Tough Men
Für dieses Konzert gilt: Wer nicht dabei war, hatte was verpasst. Nicht nur wegen des hervorragenden Spiels von Peter Massink & Truc de Kezzek wegen, sondern weil dieser Abend noch aus einem anderen Grund einmalig war. Es war diese Stimmung, das Geben und Nehmen von Musikern und Publikum. Zu Beginn entschuldigte sich der Saxofon und Querflöte spielende Niederländer Massink fast bei den zahlreich erschienenen Zuhörern: „Erschrecken Sie nicht, das ist auf der 12-Ton-Musik aufgebaut.“ Und er sprach ihnen quasi Mut zu, als er anfügte „Das geht alle Mal noch“.
Atonale Musik, da hat der ruhige und überaus sympathische Massink recht, ist kein Kassenschlager, da werden keine Gassenhauer oder Ohrwürmer produziert. Doch, auch da kann man ihm nur zustimmen, mit den Skandal-Aufführungen Schoenbergs, von Weberns oder Alban Bergs Anfang des letzten Jahrhunderts, haben weder die Kompositionen von Peter Massink und erst recht nicht die, von Tuba-Spieler Ali Angerer etwas gemein. Zum einen haben sich die, für uns gewohnten und in Moll und Dur geordneten Tonkonzepte schon seit Langem im Bebop und in der Filmmusik aufgelöst, zum anderen ist Massinks Ansatz ein anderer: er will Farbe und Rhythmus sowie „Nachvollziehbares“ in seine Kompositionen reinbringen.
Und in der Tat hat das Programm Nachvollziehbares. Die Stücke haben narrativen Charakter, wobei das Erzählen eher prosaisch als lyrisch zu nennen ist. Und das Publikum kann und will ihnen folgen – schon bei „Strawling down the 5th Avenue“ regt sich erster, wenn auch zaghafter Zwischenapplaus. Die Stücke wirken bei aller Komplexität und Raffinesse mit der Zeit immer logischer. Es sind im wahrsten Sinne feine Kompositionen, die auch bei zunehmender Virtuosität und Dynamik nicht haltlos oder ausufernd werden. Ewald Zach am Schlagzeug und „Barney“ Girlinger, Trompete und Flügelhorn, wirken wie die anderen beiden Mitstreiter sehr konzentriert, der Blick meist auf das Notenblatt gerichtet. Für Peter Massink ist es die Traumband, mit er seine, „in der Einsamkeit“ geschriebenen Stücke, zu Gehör bringen kann.

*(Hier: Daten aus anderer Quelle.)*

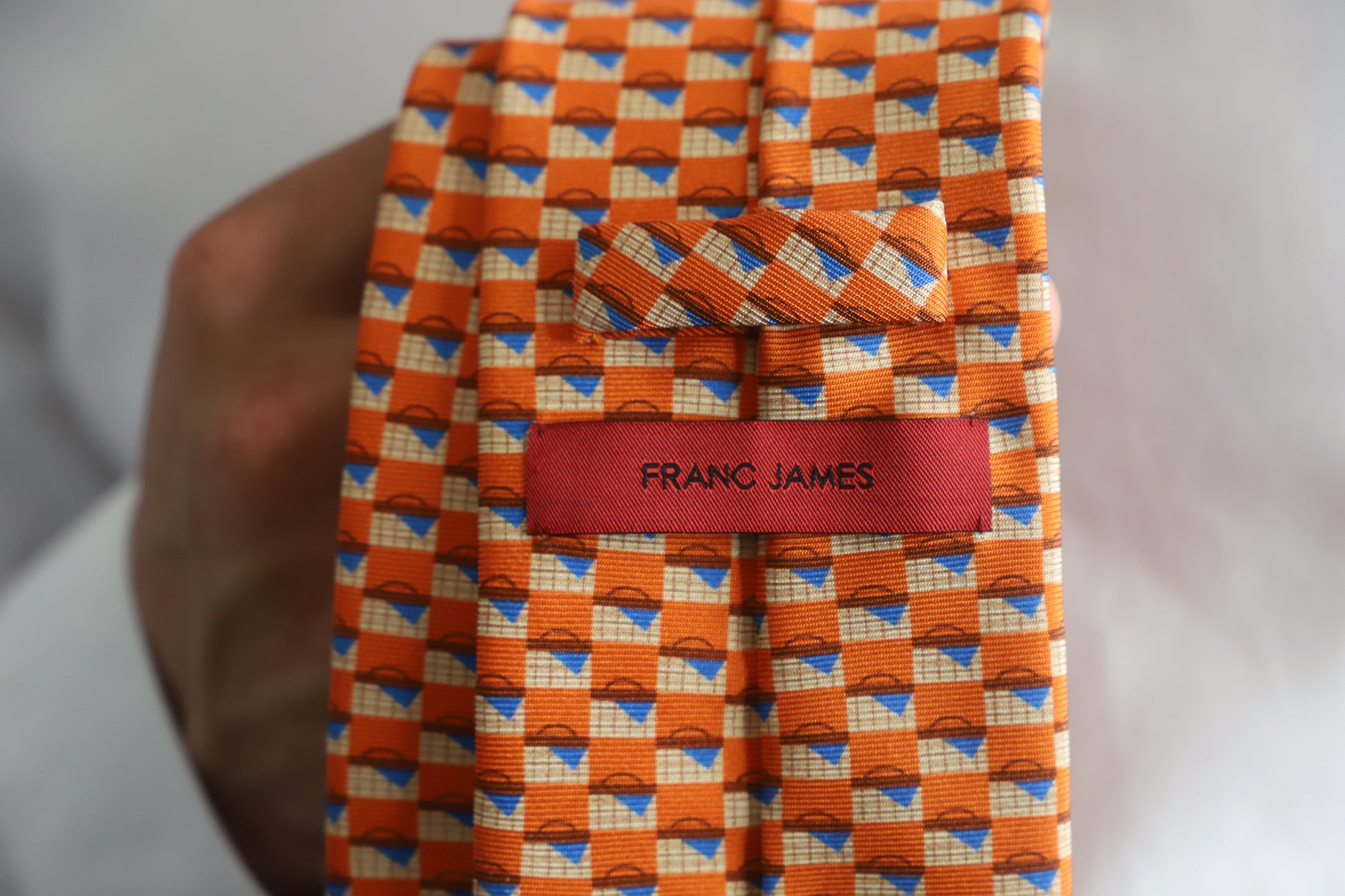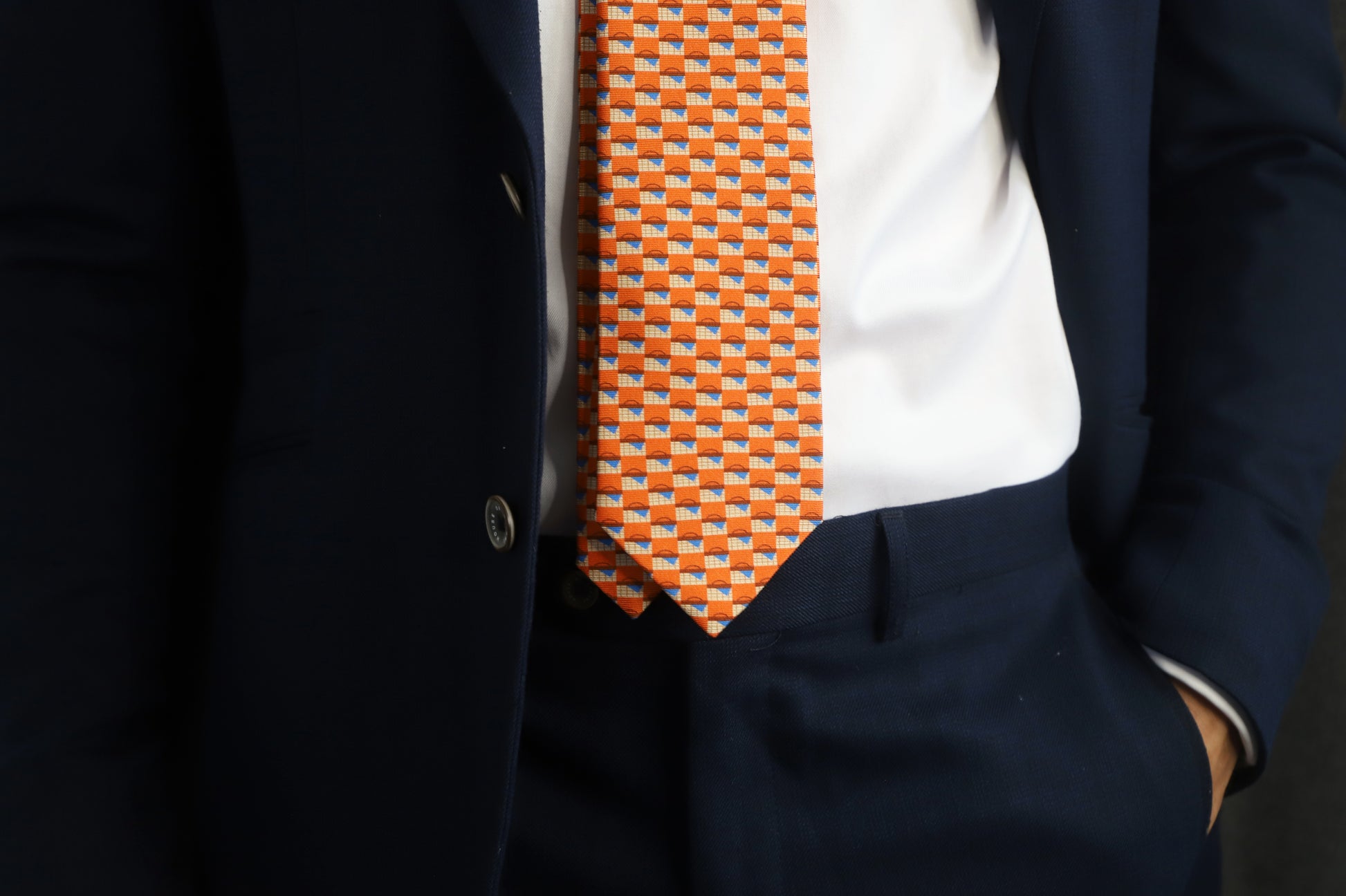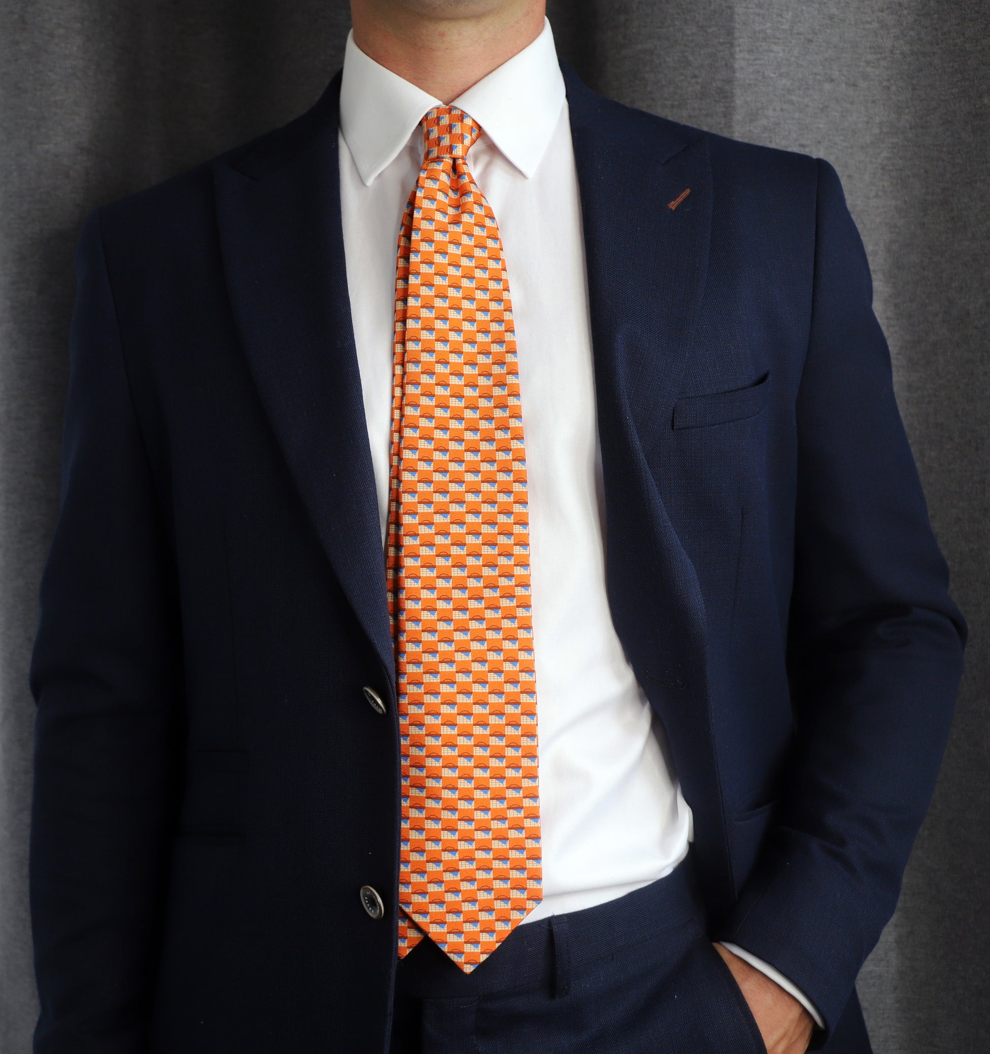 A repeat picnic basket motif on warm Flame Amber silk. Printed and hand-stitched in England from luxurious 36 oz silk, this tie is strictly limited to just 100 pieces worldwide.
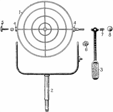 226. Привод служит для передвижения каретки с передним кольцевым визиром по дистанционной линейке при установке дальности. Привод состоит из следующих основных частей: ходового винта, предназначенного для перемещения каретки по дистанционной линейке, который вращается в заднем и переднем подшипниках; нижней пары конических шестерен (большой и малой); верхней пары конических шестерен (обе шестерни одинаковые); вращающегося подшипника; валика с чашечкой; установочных колец; валика с шаром; рукоятки с ручкой.
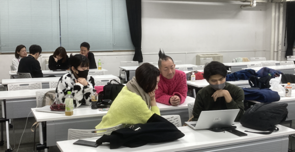 先生と受講生で編集画面を注意深く見ながら確認をしていきました。その上で、各チームごとに先生からアドバイスを伝えていただきました。
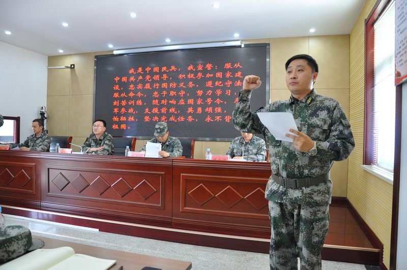 ▲集團(tuán)黨委副書(shū)記宮君帶領(lǐng)全體民兵面對(duì)國(guó)旗莊嚴(yán)宣誓
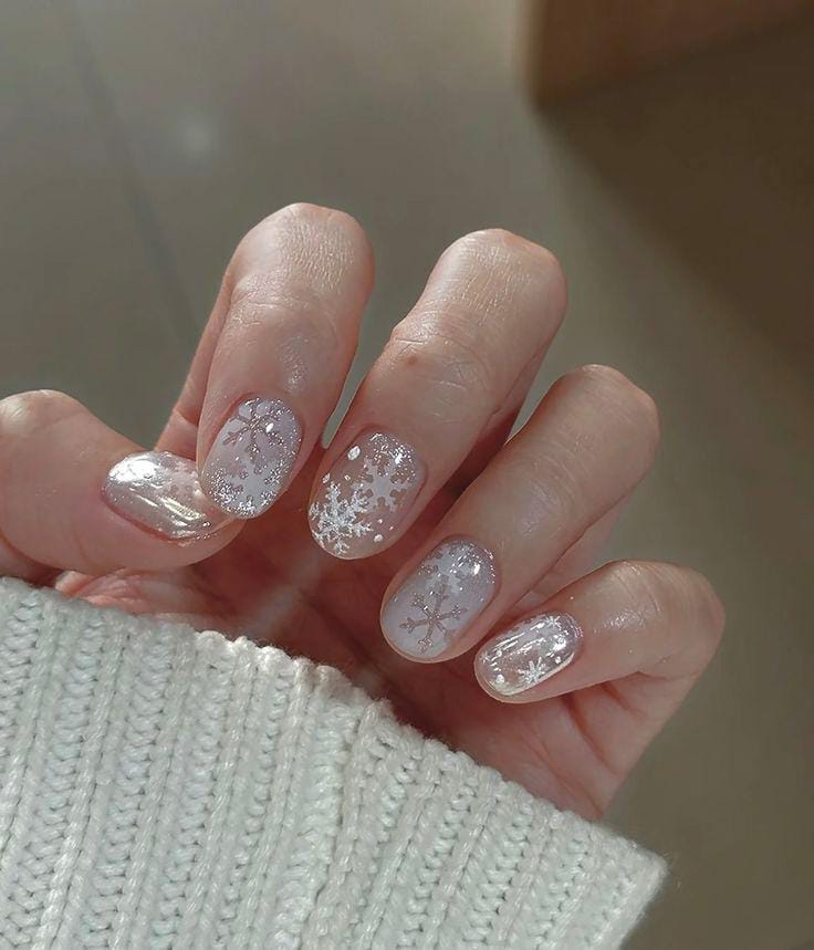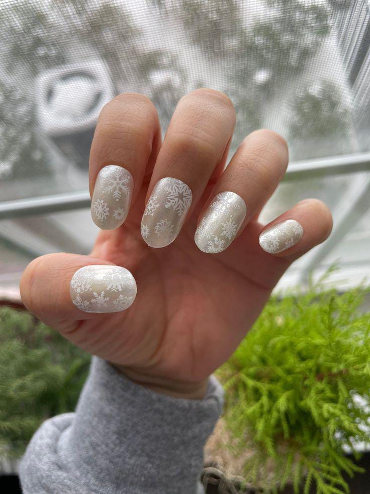 This design features a soft, milky base dusted with subtle shimmer and delicate white snowflakes, giving it a cozy winter look. It feels fresh, frosty, and perfect for the chilly start of January.
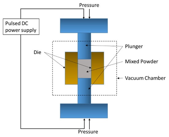 Spark plasma sintering (SPS) schematic setup.
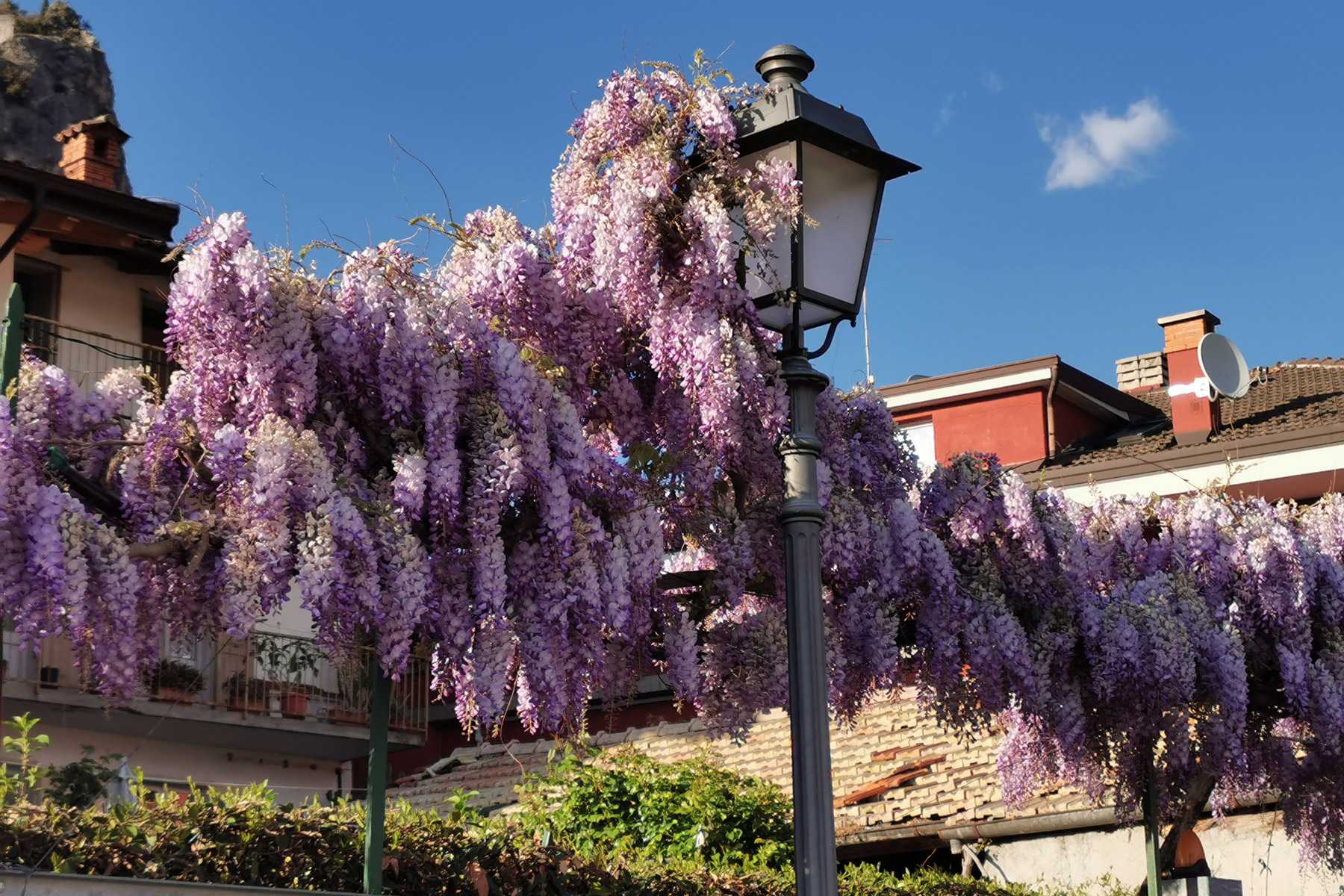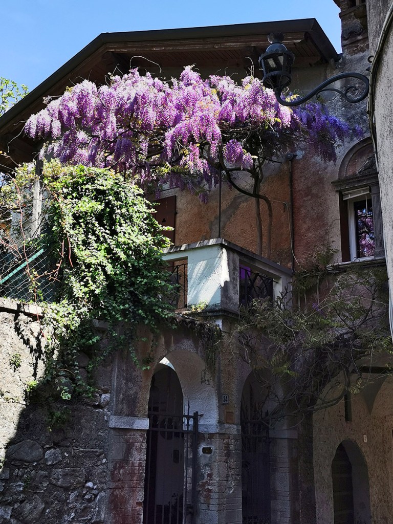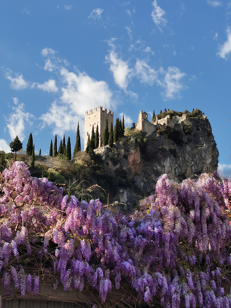 Was mir so gut gefiel, war der Blauregen, den man immer wieder antraf. In Arco (wieder im Norden) bildete er einen schönen Vordergrund für das Castello die Arco.
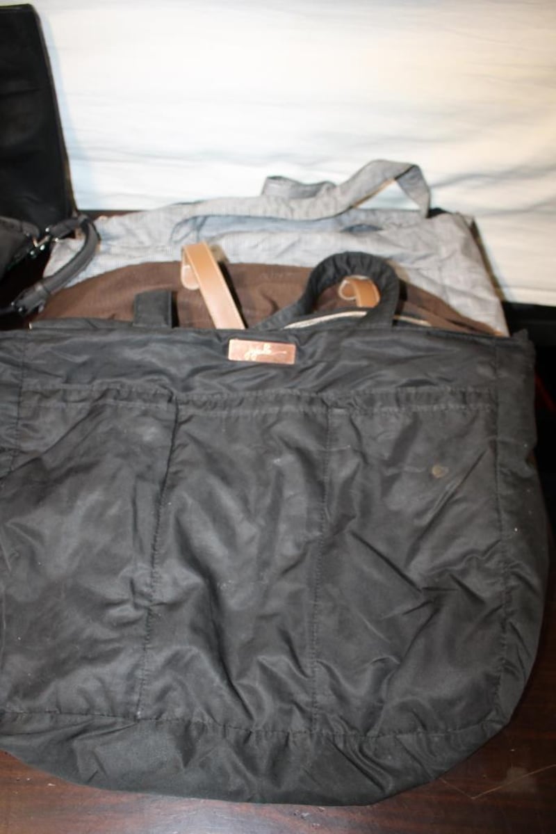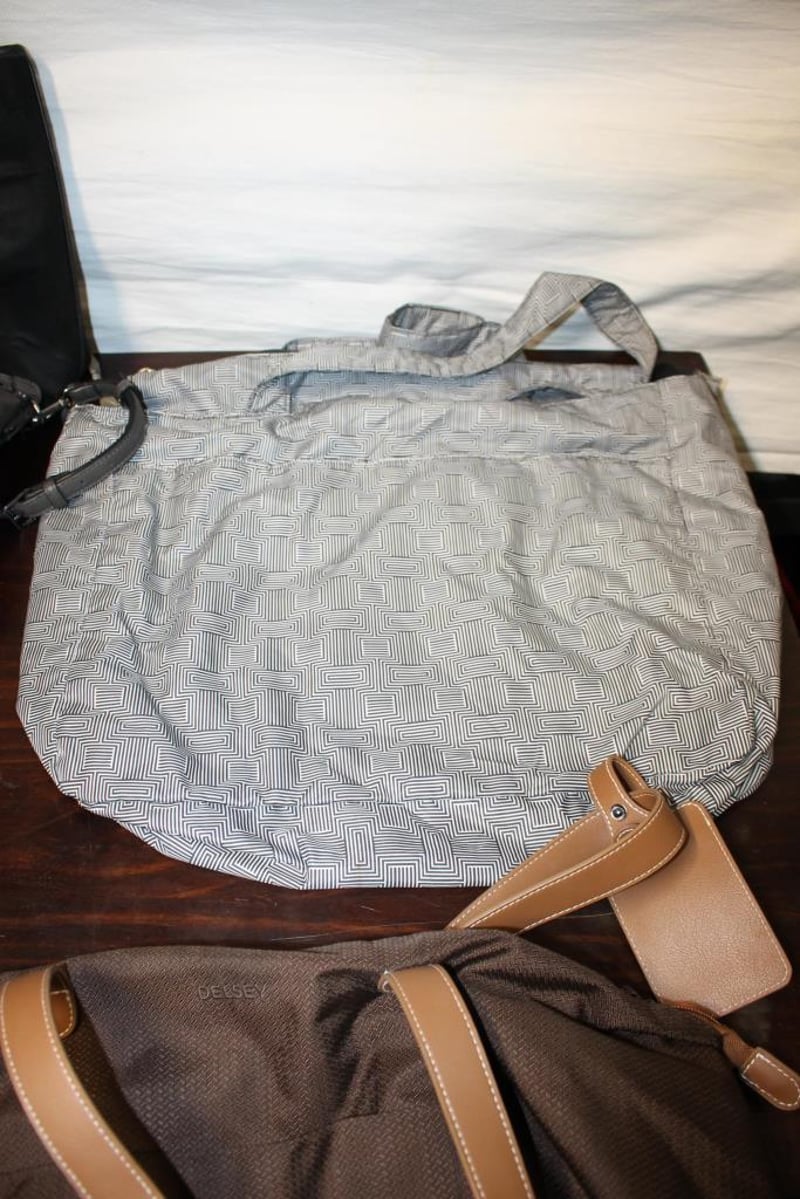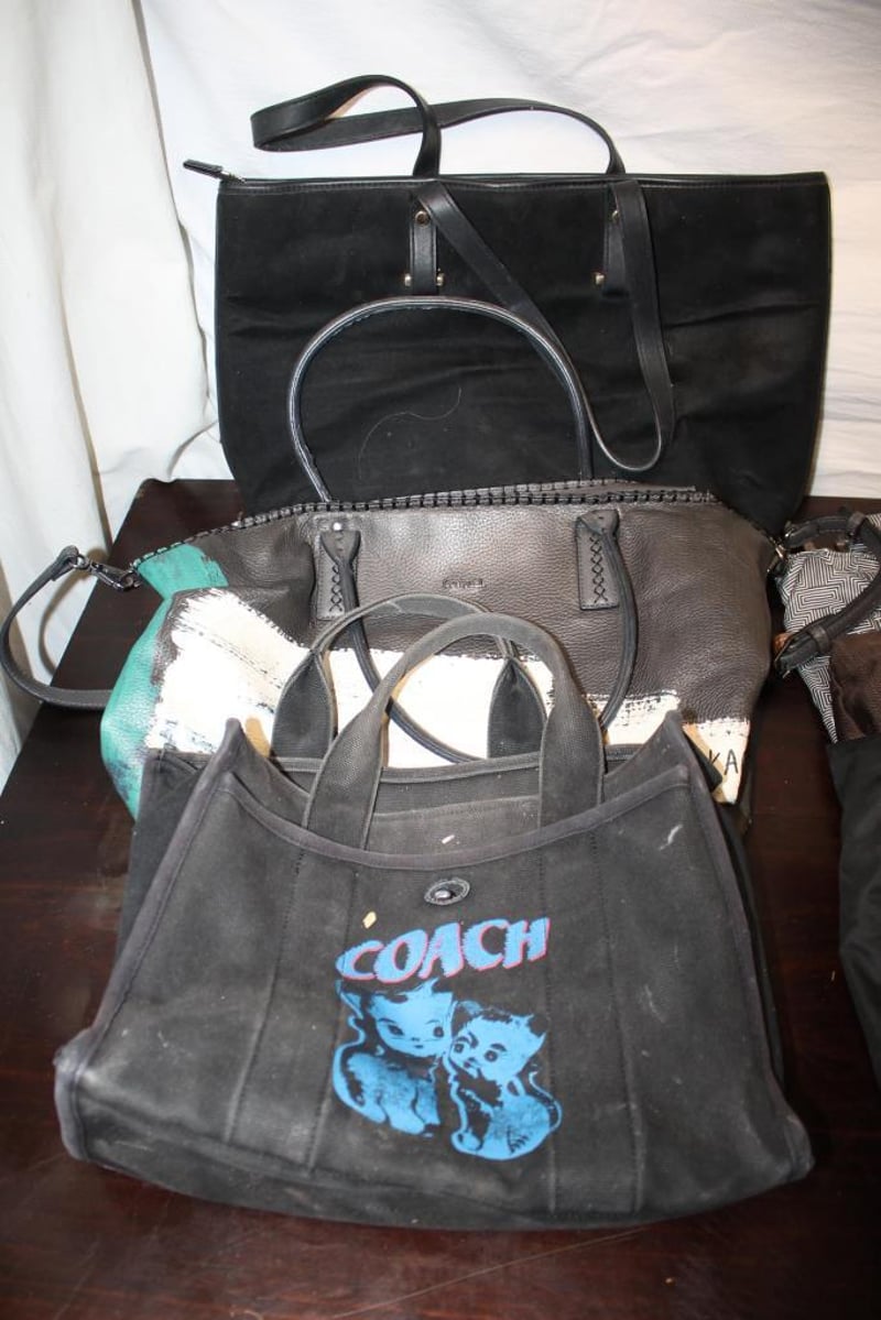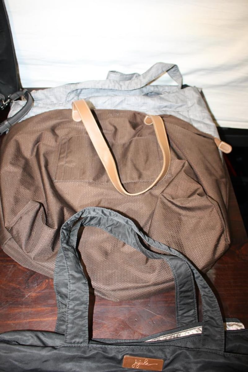 Assorted Handbags & Travel Bags – Mixed Brands (5)Includes Coach canvas tote, large black tote, Ju-Ju-Be style black tote, Delsey brown travel bag and grey patterned travel bag.Pre-owned condition with visible wear, marks and creasing; selling as a mixed lot.

Dem kann man nur zustimmen, denn was da aus dem Blech gezaubert wird ist sensationell! Da werden alle Facetten und alle Möglichkeiten ausgeschöpft, da schnaubt es, schnarrt es, prustet und quietsch es schon mal aus den Schalltrichtern. Doch nie um des Effektes willen, sondern stets im Dienste der Story, die erzählt wird. Egal ob es sich um Geisterschiffe, weiche Hühnchen, neue Wahrnehmungen, Donauwalzer oder „Songs from the Past“ handelt, die Geschichte ist greifbar, die Musik wird zum inneren Bild, ein Film läuft ab. Was für das Blech gilt, stimmt ebenso fürs Schlagwerk: Unglaublich wie Ewald Zach, dessen Initialen die Basstrommel zieren, den, oder besser gesagt, die Rhythmen in Massinks und Angerers Stücke bringt. Dass man bei atonaler Musik nicht mit festen Betonungsmustern wie im Walzer, Pop oder Swing rechnen kann war klar. Aber diese Überlagerungen, dieses Dagegen- und doch Zusammenhalten!
Kurz vor der ersten Pause bedankt sich Peter Massink für die Einladung durch die Jazzfreunde und dafür, dass die Musik „so warm aufgenommen“ wurde. Am Ende wirkt er glücklich darüber, dass der Abend trotz des Gegen-den-Strom-Schwimmens und der schweren 12-Ton-Verdächtigkeit, so gelungen war. Er entließ das Publikum nach einem kurzen Wiegenlied – fast möchte man sagen, befreit aus dem engen Korsett der Tonalität – in die Straubinger Freitagnacht.